= West Working Group =

Alleged clandestine group within the Turkish military (active c. 1997-2009)

The Batı Çalışma Grubu (BÇG; West Study Group or West Working Group) was an alleged clandestine grouping within the Turkish military said to be linked to the Ergenekon organization. It was allegedly set up in 1997 by General Çevik Bir (then deputy-chief of the General Staff of the Republic of Turkey) as part of the process relating to the 1997 military memorandum (the "post-modern coup"), and active until at least May 2009. The primary activity of the group appears to have been classifying politicians, military personnel, journalists and others according to ethnic background, religious affiliation and political leanings, and to monitor the activity of those considered a potential danger to secularism in Turkey. This included monitoring some religious communities outside Turkey. It has been claimed that in 1997 BÇG had records on 6 million people, and offices in the Higher Education Board (YÖK) as well as in each branch of the military.

==Creation==
General Çevik Bir (then deputy-chief of the General Staff) has said he set up the group on the orders of then Chief of the General Staff İsmail Hakkı Karadayı, and that it was a legal group defending Turkey, acting on the instructions of the National Security Council in its 28 February meeting and a cabinet meeting in March 1997. According to General Çetin Saner, the head of the Turkish Gendarmerie's Intelligence Department at the time, the BÇG tried to create its own intelligence network, and had asked the Gendarmerie, police and National Intelligence Organization to forward information to it.

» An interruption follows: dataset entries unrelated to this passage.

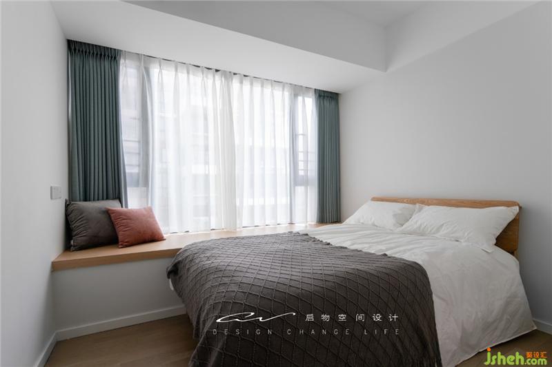 白墻與木質(zhì)家具的搭配,加上偏灰系的湖綠、橙紅撞色的點綴,讓長輩房素顏中不顯單調(diào),活潑中不失溫馨。裝修設(shè)計
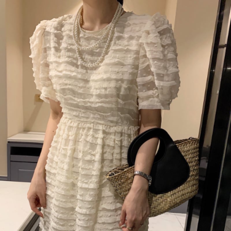【商品詳細】 バブルスリーブシフォンフリルワンピース 【サイズ】 S ウエスト:72㎝ ヒップ:124㎝ 着丈:116㎝ M ウエスト:76㎝ ヒップ:128㎝ 着丈:117㎝ L ウエスト:80㎝ ヒップ:132㎝ 着丈:118㎝ 〇測り方により1~3センチの誤差が出る場合がございます。 【カラー】 アイボリー、ブラック 【お届けについて】 ・こちらの商品は海外より直接発送となる為、 ご入金から10日~4週間ほどのお時間をいただいております。 ・配送日指定、時間指定は出来ませんので、ご了承ください。 ◼️注意事項 ・タイミングによっては商品在庫切れにより 注文キャンセルとさせていただく恐れもございますので、予めご了承くださいませ。 ・こちらは輸入品となります。日本製とは検品基準が異なる為、 新品未使用品でもごくわずかな汚れや傷がある場合もございます。 ・商品の色味は、モニター環境により実物と若干異なる場合がございます。 ・イメージ違いやサイズ交換等、お客さまご都合による交換、返品は対応出来かねます。 ご購入前にこちらをお読みください https://shop.vibliis.jp/about 管理番号:22196
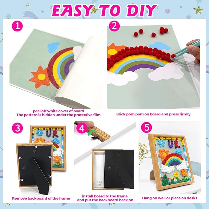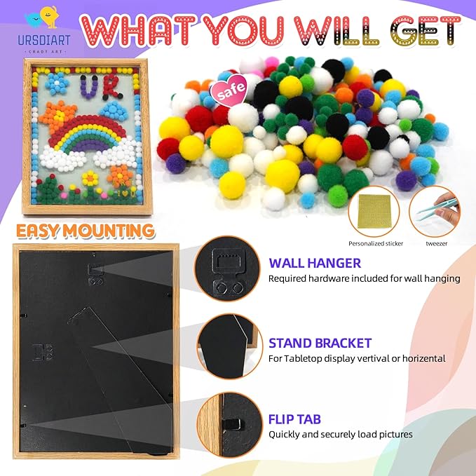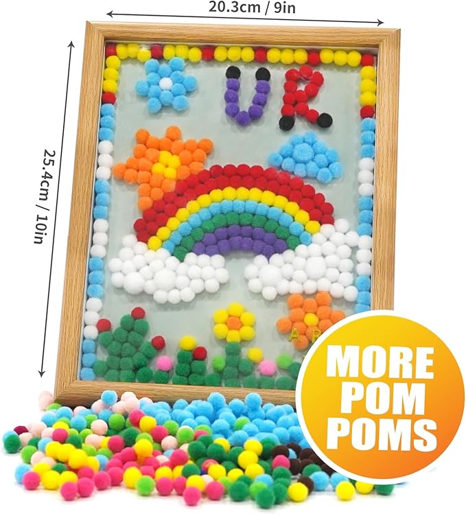 - What You Can Get: This URSDIART Rainbow Pom Pom craft kits includes a rainbow board with adhesive backing, over 650+ pom pom craft (0.3in), a 10 inch photo frame, a 3D sticker with numbers and letters, and tweezers. Provide more additional pompoms. you can follow the tutorial above or create according to your own ideas.

One member of the group, who was later expelled from the army for alleged "reactionaryism" (Islamist leanings), said that the meeting he had attended (chaired by General Çetin Doğan) had felt like organising "an army of occupation".

According to media reports in 2010, the group became inactive, and re-activating it under the control of the Naval Forces Command was part of the 2003 "Sledgehammer" coup plan. Other reports said that some time after the 1997 memorandum the group was attached to the Prime Minister's Office, and renamed the Prime Ministry Monitoring Council (Başbakanlık Takip Kurulu, BTK). The BÇG's records are said to have been used by the Turkish Army Pension Fund (OYAK) in deciding to dismiss 35 administrators after it took over steel producer Erdemir.

The 2009 Operation Cage Action Plan is alleged by prosecutors in the Ergenekon trials to have had BÇG involvement.

==Investigation==
In 2009 a group called the Encümen-i Daniş (sharing a name with a short-lived science council in the nineteenth century) came to public attention. According to Susurluk scandal investigator Mehmet Elkatmış, the secretive group was a civilian extension of the Batı Çalışma Grubu, as it was sending reports to ex-Presidents but not the current President. Group member Murat Sökmenoğlu rejected claims of links to the BÇG or Ergenekon, saying it was an informal group set up in 1954, named by Fahri Korutürk.

In 2012 a number of people alleged to have been leaders in the BÇG were arrested, including retired Generals Engin Alan, Çetin Doğan, Ahmet Çörekçi, Teoman Koman, İlhan Kılıç, and Hikmet Köksal. Prosecutors alleged the group met at least twice a week in 1997, and conspired to arrange Recep Tayyip Erdogan's 1999 trial for sedition for reading a poem.

In 2013 the National Security Council rejected a request to release records of the crucial meeting of 28 February 1997.